Taxa de juros e crescimento

     A recente decisão do Banco Central de retomar um ritmo mais acelerado de redução da taxa básica de juros traz de volta uma antiga discussão sobre se realmente o principal inibidor do crescimento econômico do Brasil é a elevada taxa de juros praticada aqui há muitos anos. Com o corte anunciado pelo Banco Central de 0,5 ponto percentual, a taxa básica de juros foi reduzida para 12% ao ano. Deduzida a taxa de inflação prevista para 2007, próxima de 3,5%, teremos finalmente uma taxa real de juros abaixo dos 10%, fato inédito na história econômica do país. O tema divide os analistas econômicos especializados e deixa na berlinda muitos que atribuíram toda a culpa pelo pífio crescimento econômico do nosso PIB nos últimos anos exclusivamente às altas taxas de juros praticada pelo Banco Central como principal ferramenta para controlar a inflação, garantir o valor da moeda brasileira e assegurar a estabilidade monetária do país. As política monetárias de taxas de juros altas praticadas pelos últimos governos centrais brasileiros tem sido tão debatida, verbalizada e popularizada que foi colocada solitariamente no papel de vilã principal do fracasso do Brasil em acompanhar o mesmo ritmo de crescimento acelerado dos países emergentes. Aparentemente, em razão desse surto de "vedetismo-populista" forçado da taxa de juros, outros problemas graves que atrapalham o desenvolvimento econômico do país podem ter ficado em papéis secundários e não foram discutidos e analisados com maior profundidade.
     Um dos mais respeitados analistas econômicos do país, o ex-presidente do BNDES, Luís Carlos Mendonça de Barros, afirmou em seu artigo semanal publicado na Folha de São Paulo que "...eu não tenho medo de dizer hoje que os juros não são mais um limitador importante de nosso crescimento".
     Exemplos não faltam de países que praticam baixas taxas de juros e convivem com baixo crescimento econômico, como Japão e México. Não faltam também exemplos dos que apresentam baixo crescimento econômico e elevadas taxas de juros como Brasil e Turquia.
     Ao longo da histórica recente do Brasil vimos a satanização de alguns fatores como sendo responsáveis pelo subdesenvolvimento do país. Em determinado período eram as multinacionais. Em outro era a hiperinflação. Mais tarde era o alto custo de vida (apelidado por muitos de "carestia"). Por muito tempo culpamos a dívida externa pelo baixo crescimento de nossa economia. Um a um esses problemas foram contornados e, mesmo assim, o tão sonhado espetáculo do crescimento acelerado não chega.
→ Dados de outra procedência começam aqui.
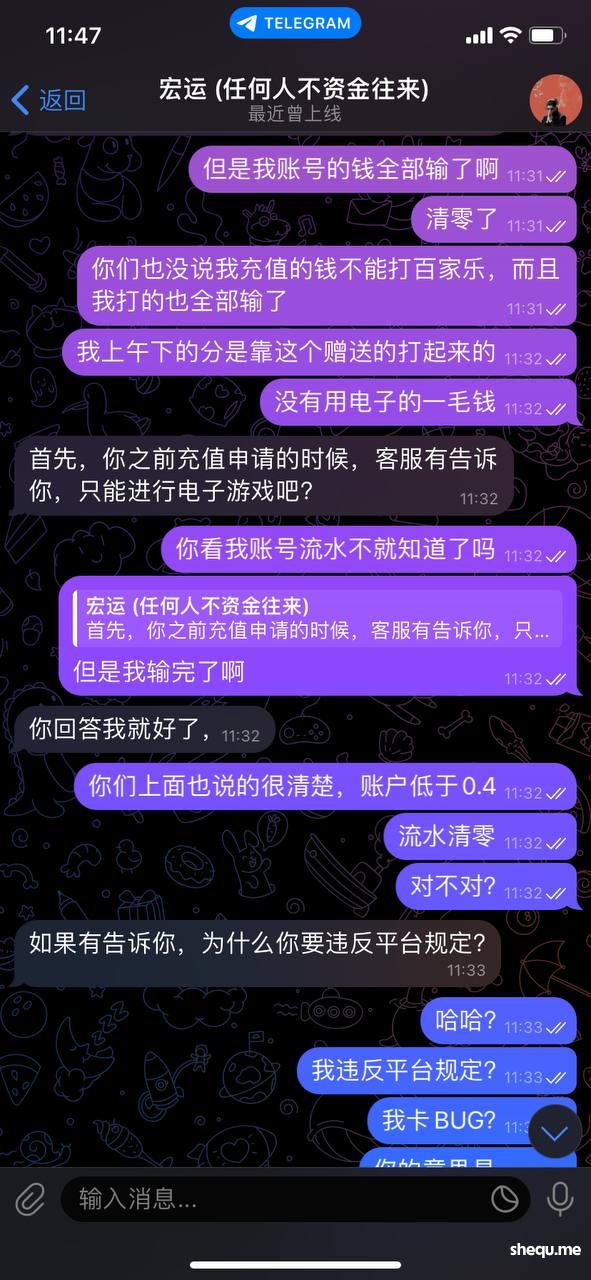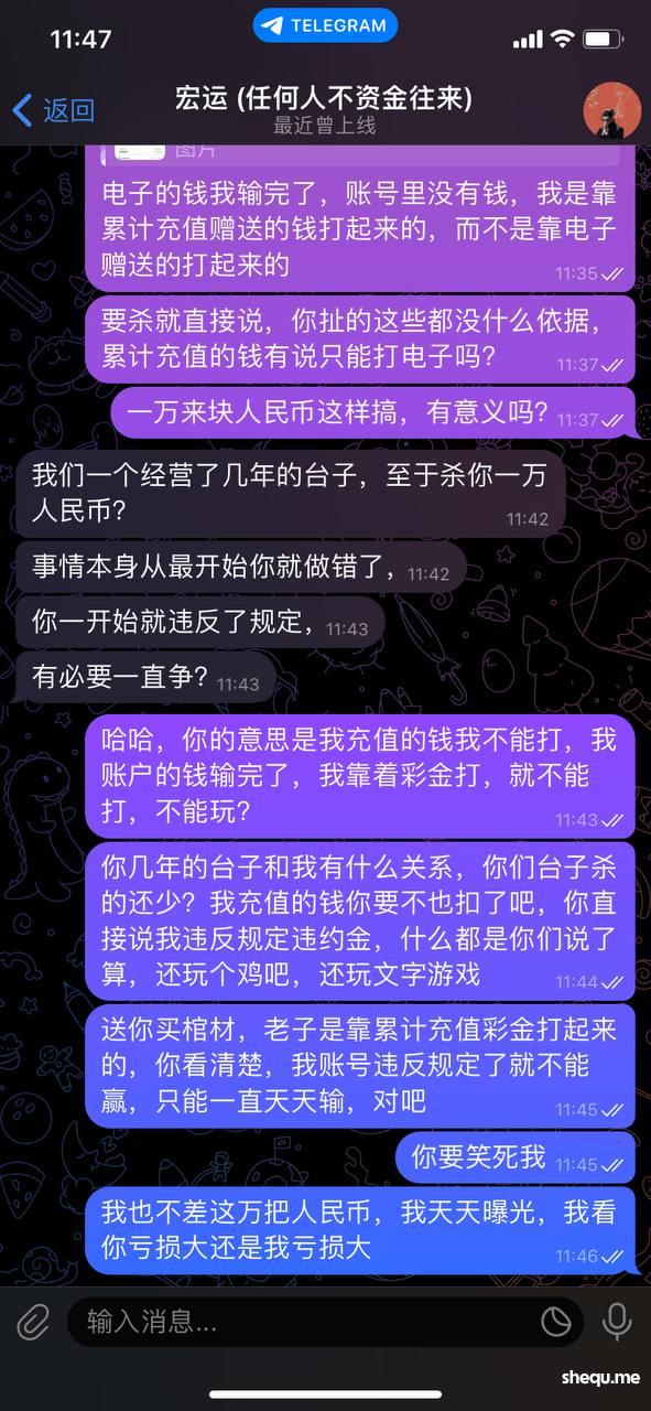 说凌晨我上的分赠送的彩金没有打10倍流水,但是平台上已经说的很清楚了,账户中资金低于0.4需要打流水的话就清零,无需打流水。但是下分用这个理由卡我,说我违规操作,那按你这个傻逼客服的道理来说,平台送我的钱我输了,我再充值上分打赢了也不能提款?因为电子流水不足?随意操作控制单个账号输赢,随意风控账号不能进入游戏,找飞机客服虽然最后把钱给我下了,但还一直嘴硬说是我违规操作

     Não me parece, portanto, que são apenas e tão-somente as elevadas taxas de juros atuais a principal "piece du resistance" ao crescimento econômico do Brasil. Não é possível afirmar que, se num passe de mágica, a taxa básica de juros fosse reduzida drasticamente para algo próximo de 5,5%, imediatamente nosso PIB cresceria no mesmo patamar de países emergentes como Chile, Índia, Coréia do Sul ou a fenomenal China. O que não quer dizer que concordo que uma taxa real de juros na casa dos 8,5% seja a ideal. Ainda é a mais elevada do mundo e certamente não é um fator impulsionador da nossa economia. Mas talvez possamos aproveitar a confiança do mercado de que a política monetária praticada pelo Banco Central é eficaz para manter a inflação sob controle e que os cortes na taxa de juros continuarão, para discutirmos de forma menos passional e mais racional outros gargalos que travam o crescimento econômico brasileiro.
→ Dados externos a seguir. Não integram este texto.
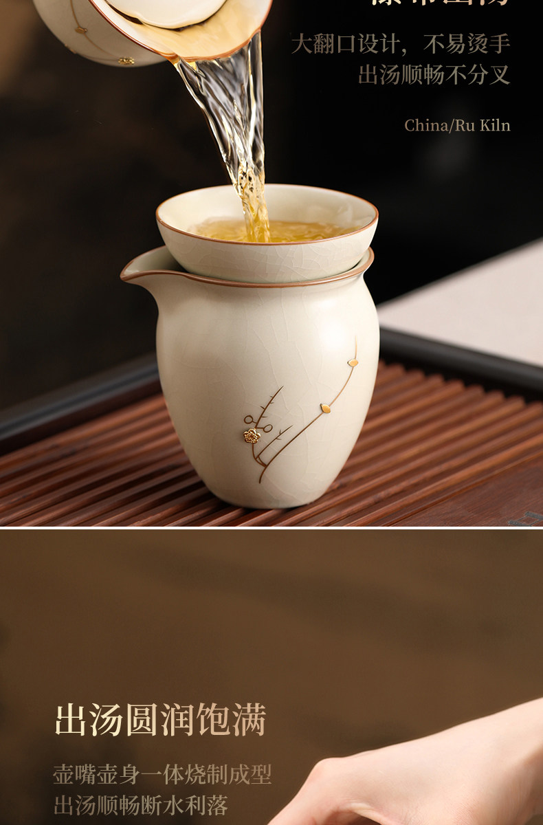 Ruyao Kung Fu Tea Set for Home Use in the Living Room, Light Luxury High-End Teapot and Teacups, New Chinese Style Tea Set for Tea Brewing
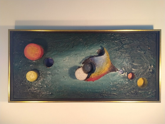 Schilderij is gemaakt op hout met verwerking andere materialen.
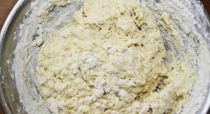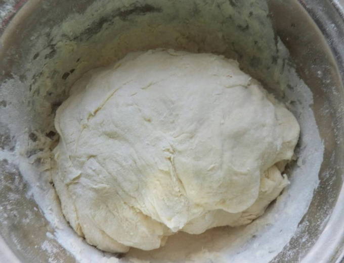 - Meng het melkmengsel met het deeg en de bloem. Kneed de producten tot een homogeen deeg en laat het 30 minuten op een warme plaats staan.

     O momento é propício para a sociedade exigir dos governos central, estaduais e municipais a redução dos seus gastos, única forma segura de reduzir também a carga tributária. Discutir a indigência do nosso sistema educacional, as crônicas deficiências da infra-estrutura de transportes aéreo, ferroviário, hidroviário, rodoviário, logística dos portos, energia elétrica e saneamento básico.